▸ **WHAT IS NEEDED**
Without any pictures, reproduce exactly the lines running from the line containing "Ravensburger - CreArt" through the end of the entries.

Extracted data entries:
= = =

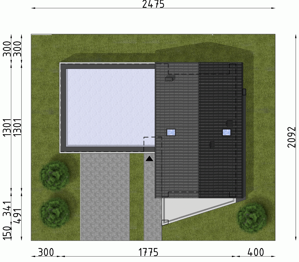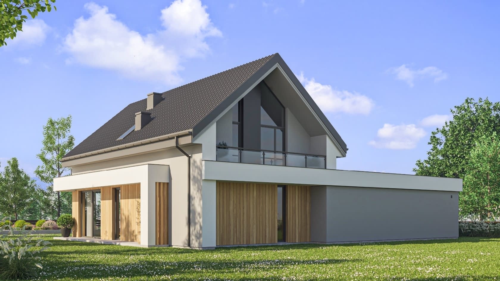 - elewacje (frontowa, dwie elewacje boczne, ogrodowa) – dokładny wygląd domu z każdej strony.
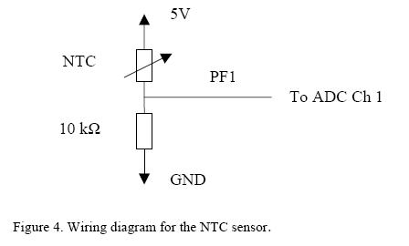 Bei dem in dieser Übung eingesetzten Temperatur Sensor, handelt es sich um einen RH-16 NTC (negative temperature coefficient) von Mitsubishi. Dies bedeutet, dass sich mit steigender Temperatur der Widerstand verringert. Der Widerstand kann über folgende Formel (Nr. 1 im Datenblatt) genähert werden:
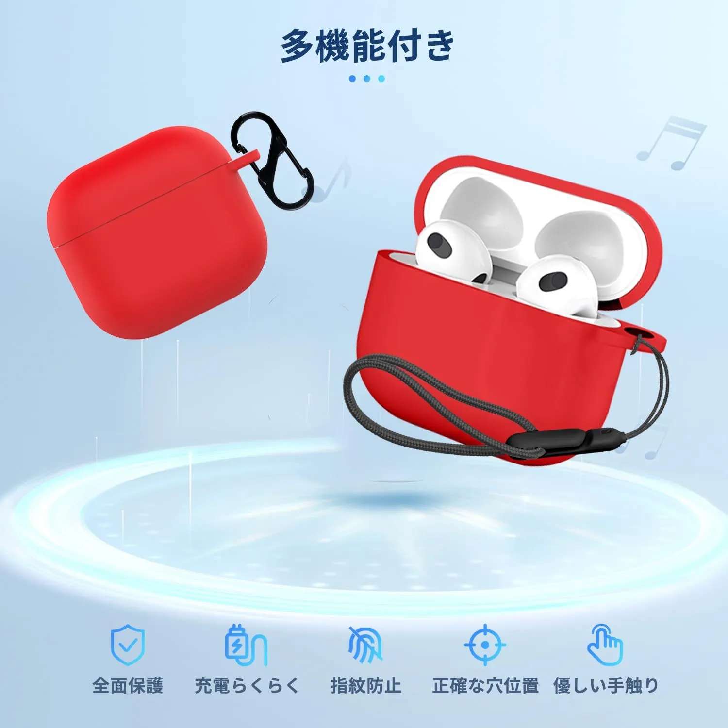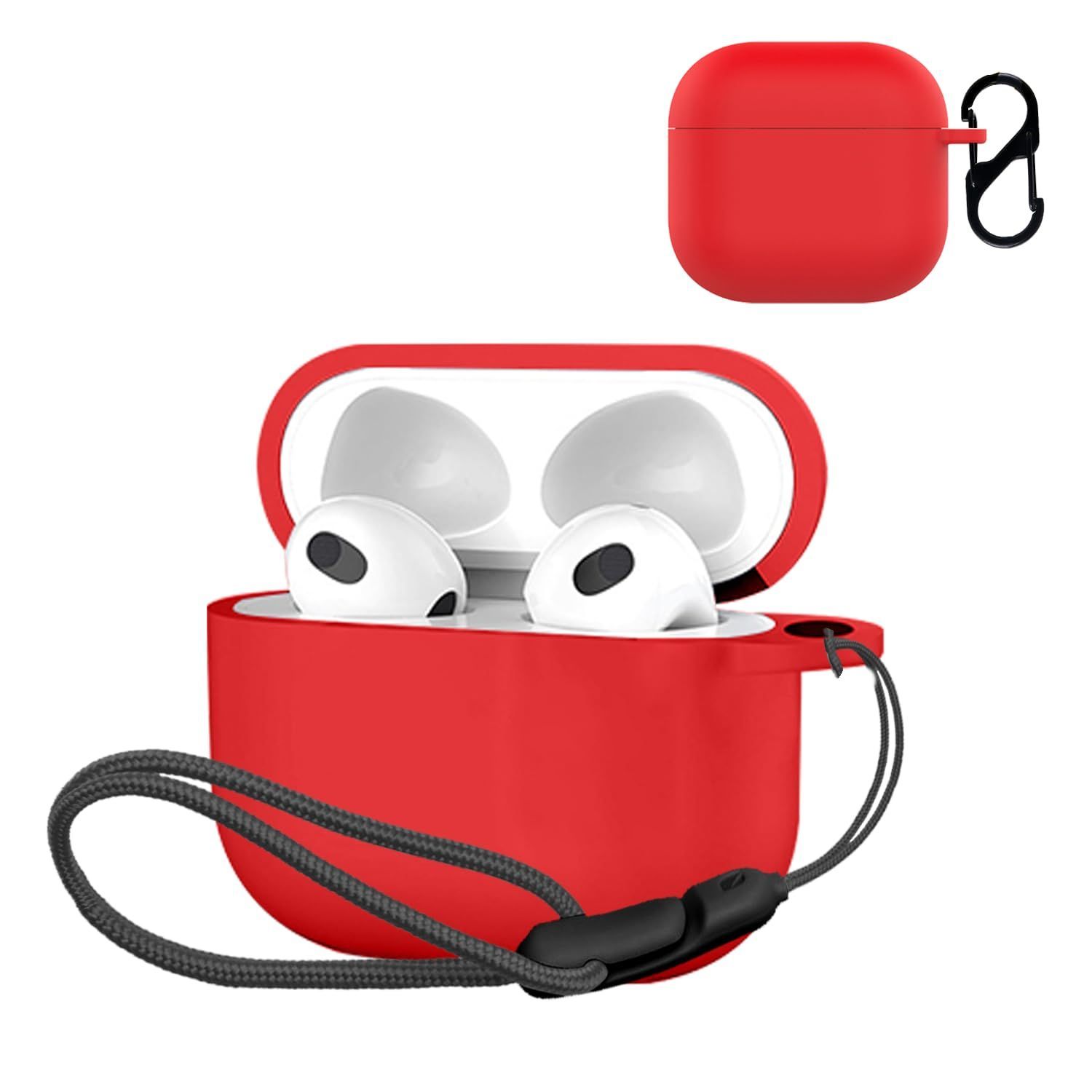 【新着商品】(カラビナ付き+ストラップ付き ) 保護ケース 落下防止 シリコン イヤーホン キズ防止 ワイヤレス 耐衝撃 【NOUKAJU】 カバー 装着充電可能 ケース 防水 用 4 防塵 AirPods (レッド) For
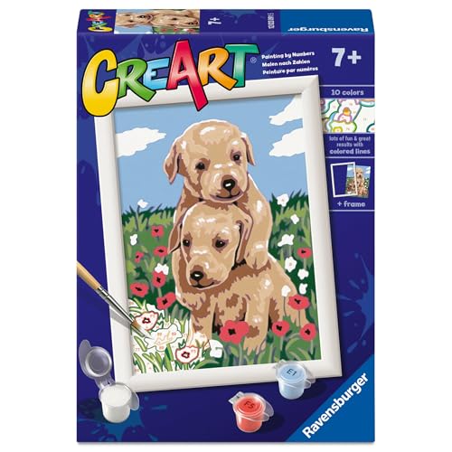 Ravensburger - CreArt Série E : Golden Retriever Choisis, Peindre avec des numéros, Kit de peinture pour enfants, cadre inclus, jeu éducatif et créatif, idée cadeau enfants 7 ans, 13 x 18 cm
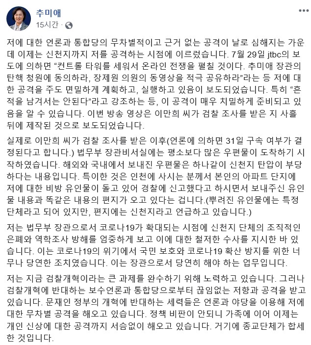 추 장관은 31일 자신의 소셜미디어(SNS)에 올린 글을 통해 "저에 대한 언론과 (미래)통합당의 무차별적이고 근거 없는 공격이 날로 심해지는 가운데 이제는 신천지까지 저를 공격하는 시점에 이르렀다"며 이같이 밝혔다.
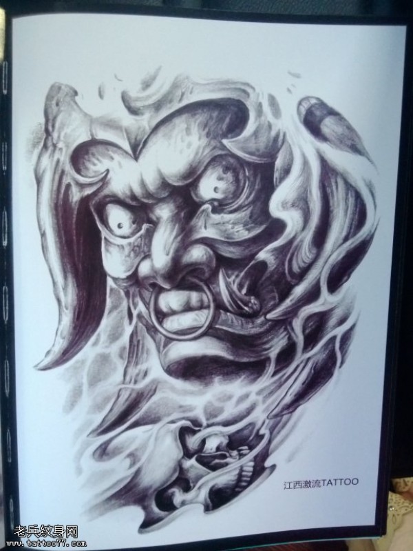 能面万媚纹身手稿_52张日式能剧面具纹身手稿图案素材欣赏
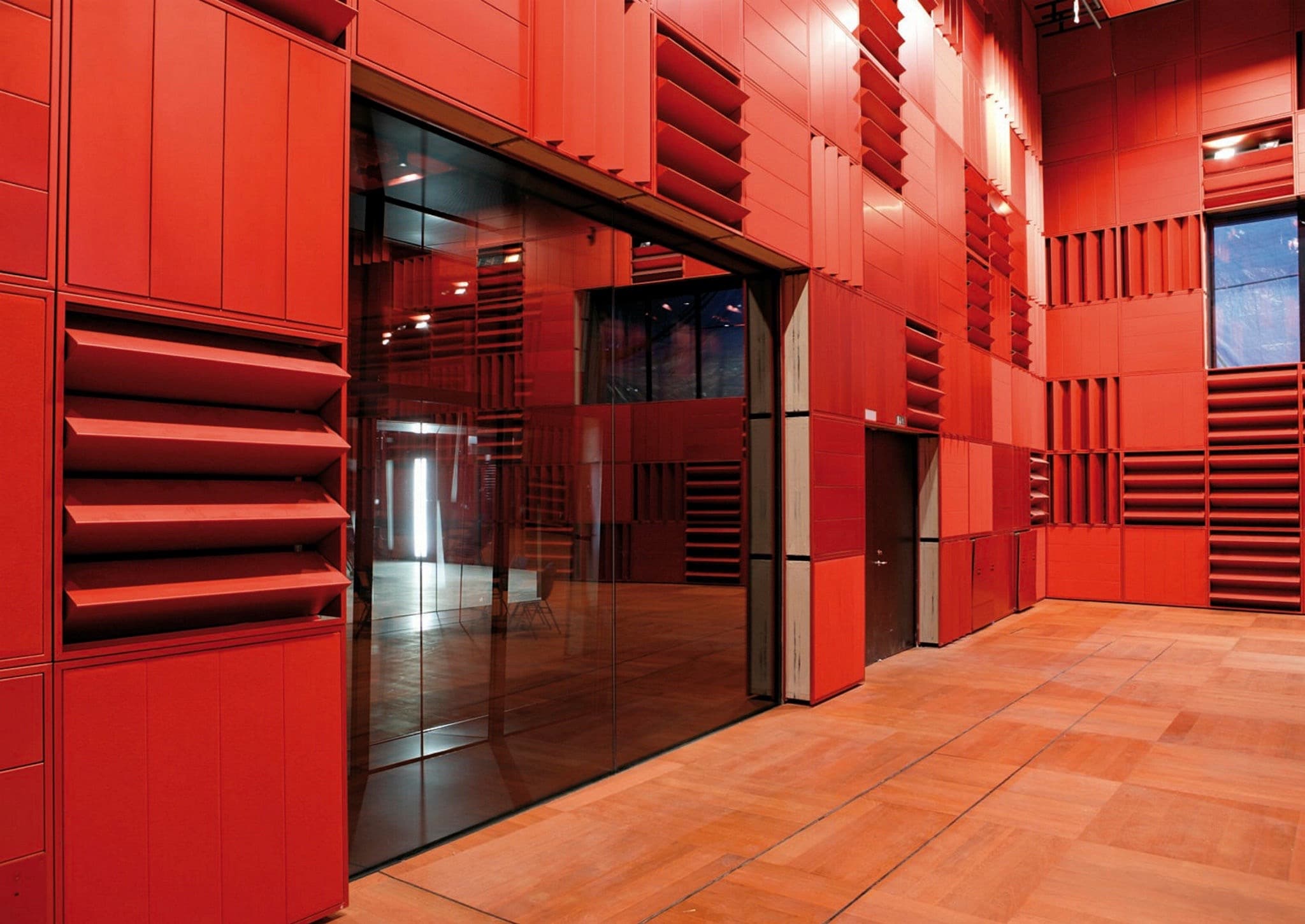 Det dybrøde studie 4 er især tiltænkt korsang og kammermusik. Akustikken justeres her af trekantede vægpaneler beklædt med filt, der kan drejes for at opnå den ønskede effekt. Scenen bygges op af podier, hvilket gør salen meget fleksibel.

= = =

▸ **SOLUTION FOR THIS EXERCISE**
 Ravensburger - CreArt Série E : Golden Retriever Choisis, Peindre avec des numéros, Kit de peinture pour enfants, cadre inclus, jeu éducatif et créatif, idée cadeau enfants 7 ans, 13 x 18 cm
 추 장관은 31일 자신의 소셜미디어(SNS)에 올린 글을 통해 "저에 대한 언론과 (미래)통합당의 무차별적이고 근거 없는 공격이 날로 심해지는 가운데 이제는 신천지까지 저를 공격하는 시점에 이르렀다"며 이같이 밝혔다.
 能面万媚纹身手稿_52张日式能剧面具纹身手稿图案素材欣赏
 Det dybrøde studie 4 er især tiltænkt korsang og kammermusik. Akustikken justeres her af trekantede vægpaneler beklædt med filt, der kan drejes for at opnå den ønskede effekt. Scenen bygges op af podier, hvilket gør salen meget fleksibel.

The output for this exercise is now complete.